On Sun, Jul 8, 2018 at 1:16 PM, Martin Perina <mperina(a)redhat.com> wrote:
Hi, thanks for your previous answers
- UserRole ok
> Back in April 2017 for version 4.1.1 I had problems and it seems
I had to
> set super user privileges for the "fencing user"
> See thread here
>
https://lists.ovirt.org/archives/list/users@ovirt.org/messag
> e/FS5YFU5ZXIYDC5SWQY4MZS65UDKSX7JS/
>
> Now instead I only set UserRole for the defined "fenceuser" on the
> virtual cluster VMS and it works ok
>
> - for a VM with permissions already setup:
> [root@cl1 ~]# fence_rhevm -a 10.4.192.49 -l "fenceuser@internal" -S
> /usr/local/bin/pwd_ovmgr01.sh -z --ssl-insecure -o status
> --shell-timeout=20 --power-wait=10 -n cl1
> Status: ON
>
> - for a VM still without permissions
> [root@cl1 ~]# fence_rhevm -a 10.4.192.49 -l "fenceuser@internal" -S
> /usr/local/bin/pwd_ovmgr01.sh -z --ssl-insecure -o status
> --shell-timeout=20 --power-wait=10 -n cl2
> Failed: Unable to obtain correct plug status or plug is not available
>
> - for a VM with permissions already setup:
> I'm able to make power off / power on of the VM
>
Eli, please take a look at above, that might be the issue you saw with
fence_rhevm
Perhaps I didn't explain clear enough.
My note was to confirm that now in my tests it is sufficient to create a
user in internal domain and assign it the UserRole permission for the
cluster VMs, to be able to use that user for fencing VMs.
While, back in 4.1.1 I was forced to create a user with superuser rights.
Or did you mean anything else when asking for Eli input?
In my case, to have the fencing agent work in my 4-virtualnodes CentOS 7.4
cluster, I created the fencing agent this way:
pcs stonith create vmfence fence_rhevm
pcmk_host_map="intracl1:cl1;intracl2:cl2;intracl3:cl3;intracl4:cl4" \
ipaddr=10.4.192.49 ssl=1 ssl_insecure=1 login="fenceuser@internal"
passwd_script="/usr/local/bin/pwd_ovmgr01.sh" \
shell_timeout=10 power_wait=10
So that now I have:
[root@cl1 ~]# pcs stonith show vmfence
Resource: vmfence (class=stonith type=fence_rhevm)
Attributes: ipaddr=10.4.192.49 login=fenceuser@internal
passwd_script=/usr/local/bin/pwd_ovmgr01.sh
pcmk_host_map=intracl1:cl1;intracl2:cl2;intracl3:cl3;intracl4:cl4
power_wait=10 shell_timeout=10 ssl=1 ssl_insecure=1
Operations: monitor interval=60s (vmfence-monitor-interval-60s)
[root@cl1 ~]#
I forced a panic on a node that was providing a cluster group of resources
and it was correctly fenced (powered off / powered on) with the service
relocated on another node (after power off action has been completed)
[root@cl1 ~]# echo 1 > /proc/sys/kernel/sysrq
[root@cl1 ~]# echo c > /proc/sysrq-trigger
and this is the chain of events I see in the mean time.

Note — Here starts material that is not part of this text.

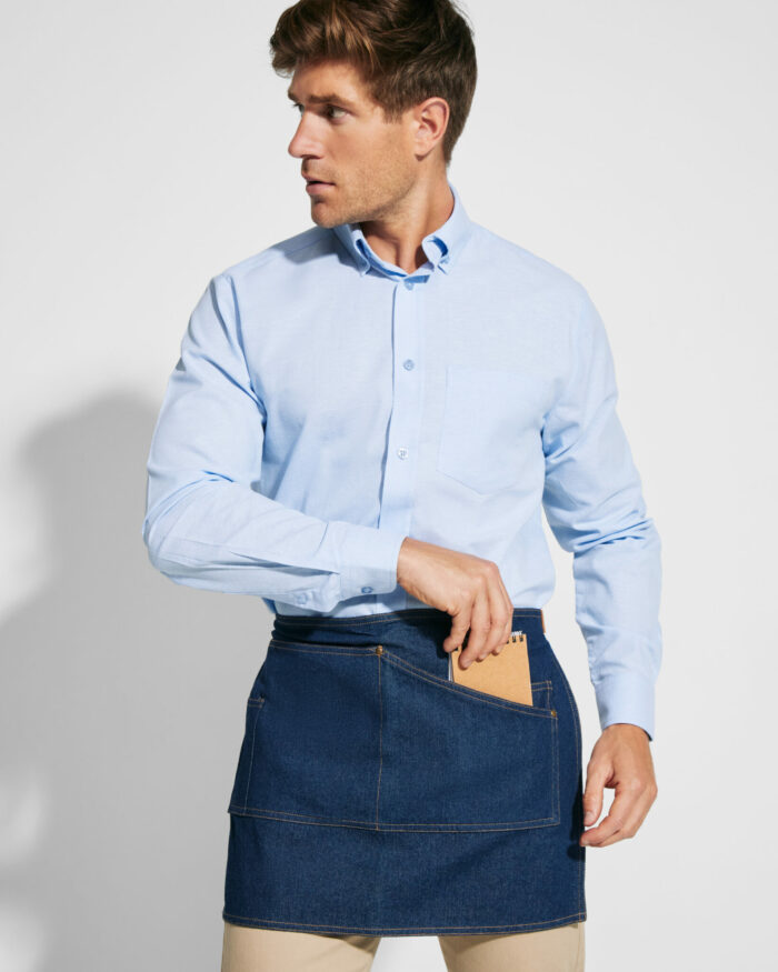Delantal corto en tejido vaquero.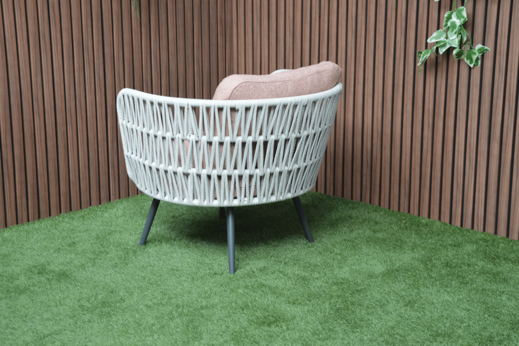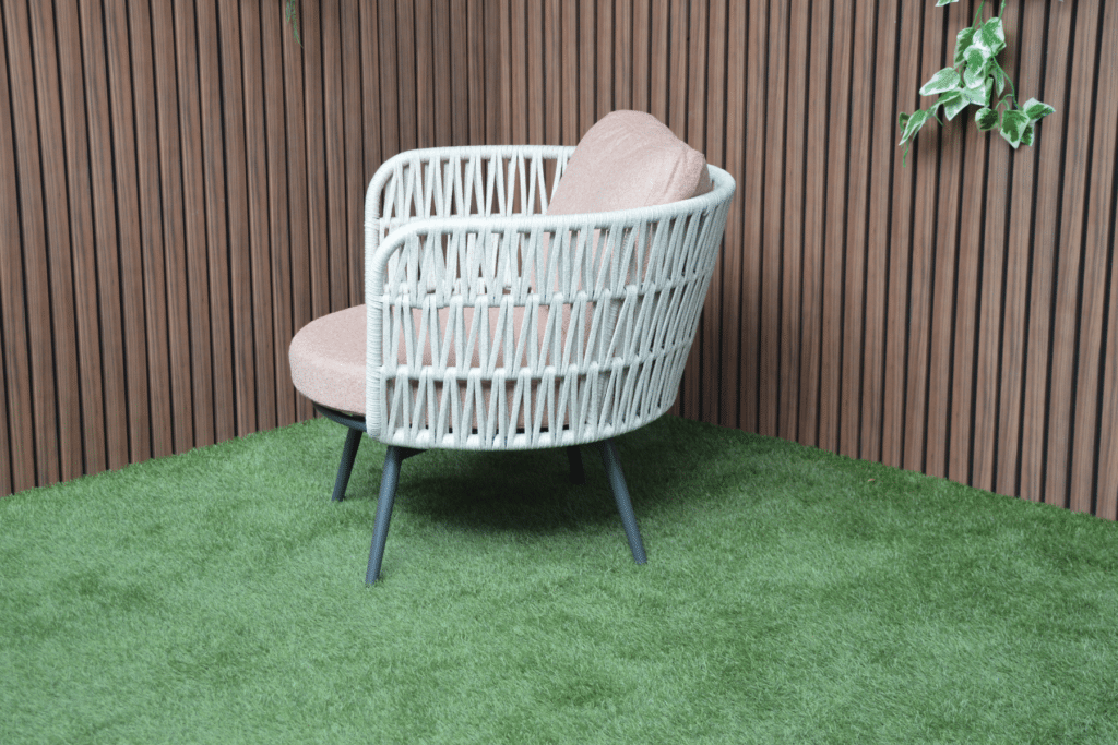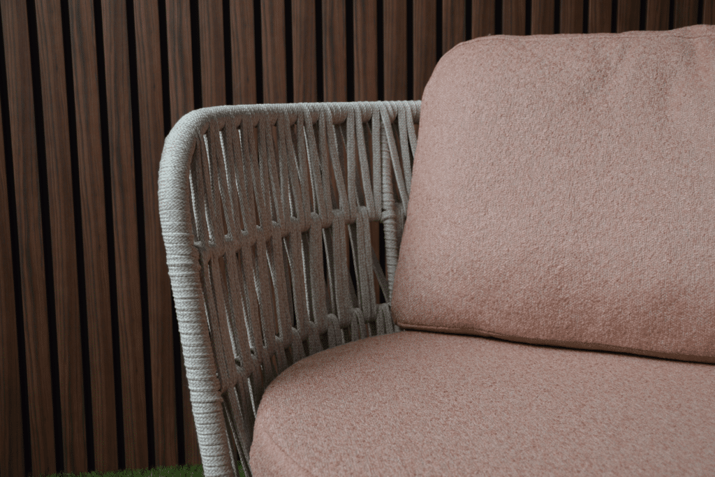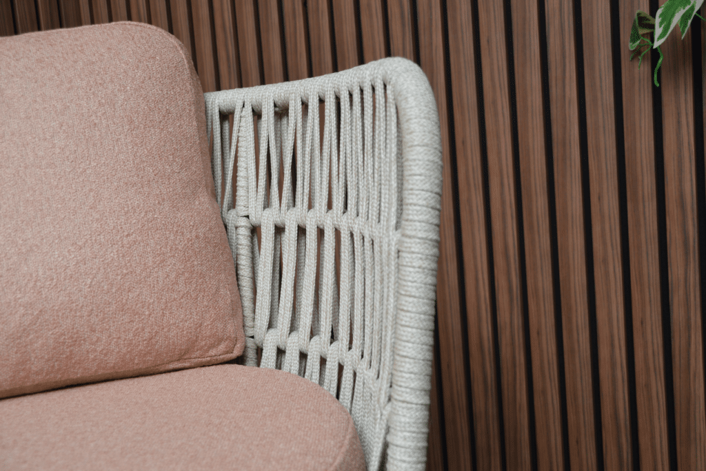 Schaffe dir deinen persönlichen Wohlfühlort mit dem Bistroset Sophia. Dieses wunderschöne Set besteht aus zwei vollständig drehbaren Stühlen und einem passenden Tischchen. Die großzügigen Stühle lassen sich um 360 Grad drehen, sodass du dich mühelos bewegen und in alle Richtungen schauen kannst. Das beige gewebte Rope mit einer Breite von 14 mm verleiht den Stühlen eine natürliche, luxuriöse Ausstrahlung. In Kombination mit den warm rosafarbenen Kissen und dem anthrazitfarbenen Gestell entsteht ein modernes Set, das perfekt auf jeden Balkon oder jede Terrasse passt.

The VM cl1 is
indeed powered off and then on and the service relocated on cl2 in this
case and lastly cl1 rejoins the cluster after finishing power on phase.
I don't know if the error messages I see every time fence takes action are
related to more nodes trying to fence and conflicting or what...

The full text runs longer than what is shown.